The BNP and the BBC

Britain is good at dealing with diversity

A commentary on the BNP in British politics, written for the Independent by openDemocracy associate editor Kanishk Tharoor last week...

If the first casualty of war is truth, the first casualty of domestic skirmishes is perspective. After last week's furore over the far-right and immigration in Britain, doom and gloom stalked the headlines. It seemed that the BNP and its odious "politics" had truly arrived, that the country will be forced to face, one way or another, its mono- and multicultural demons. But missing among the outrage and pieties of the past few days was a modest, but necessary, concession to reality: things in Britain are really not that bad.

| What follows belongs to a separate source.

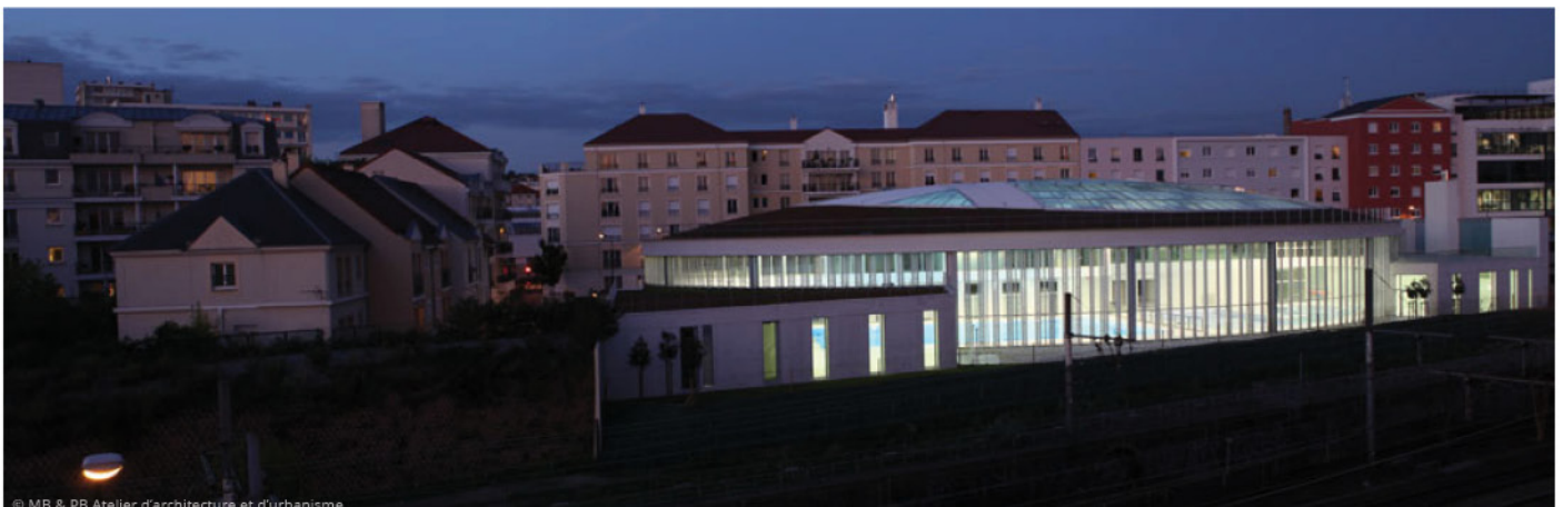
© MB & PB Atelier d'architecture et d'urbanisme

Serious problems certainly remain to be tackled. The threats of radicalism among alienated Muslims and far-right bigotry among the "white working class" are very real. So too are the social tensions generated by immigration and the economic downturn. But in general, British society has handled (and continues to handle) the cultural convulsions shaking Europe in the 21st century with no small amount of grace and reason.

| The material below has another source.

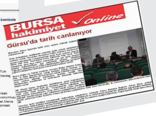
Proje ile ilgili basından haberler

This is made particularly evident by a brief tour of other Western European countries that wrestle with similar issues of diversity and immigration. Look at the Netherlands, a state with a far older tradition of tolerance than Britain. There, the bleach-blond, anti-immigrant demagogue Geert Wilders and his "Freedom Party" led Dutch polls as recently as this March. Could Nick Griffin and his politics win a plurality of British public support? Not now, and probably never.

Clipping the BNP's wings

The appearance of the leader of the BNP, Nick Griffin, on BBC's Question Time would have been unthinkable a few years ago, yet that is what happened last Thursday. Despite the controversy surrounding his appearance on the show, there is no denying the fact that his party has achieved a certain amount of success lately. While some people, like Welsh Secretary Peter Hain, a veteran anti-Apartheid campaigner, were opposed to giving Mr Griffin such a prestigious platform, opinion polls showed that the majority of the public were in favour of him appearing on the show because, after all, the BNP had done well in the European elections in June, getting nearly a million votes. Indeed, the BNP is now able to get enough votes that it can no longer be ignored.

bnp protest
Copyright Demotix/teamsojourner

Hundreds of anti-fascist protestors, most of them white, vented their disgust and anger outside BBC TV Centre in west London before the show began. Griffin was exposed for the racist, homophobic, anti-Islamic, Nazi sympathising bigot he is as he came under intense scrutiny in front of a largely hostile audience. In other countries, the appearance of a politician or spokesperson from the political far right does not cause such outcry. In India, for instance, it is quite common for members of the extremist Hindu nationalist group Rashtriya Swayamsevak Sangh to appear in the mainstream media. However, in such countries, there is a greater acceptance of views deemed to be at the far right of domestic public opinion.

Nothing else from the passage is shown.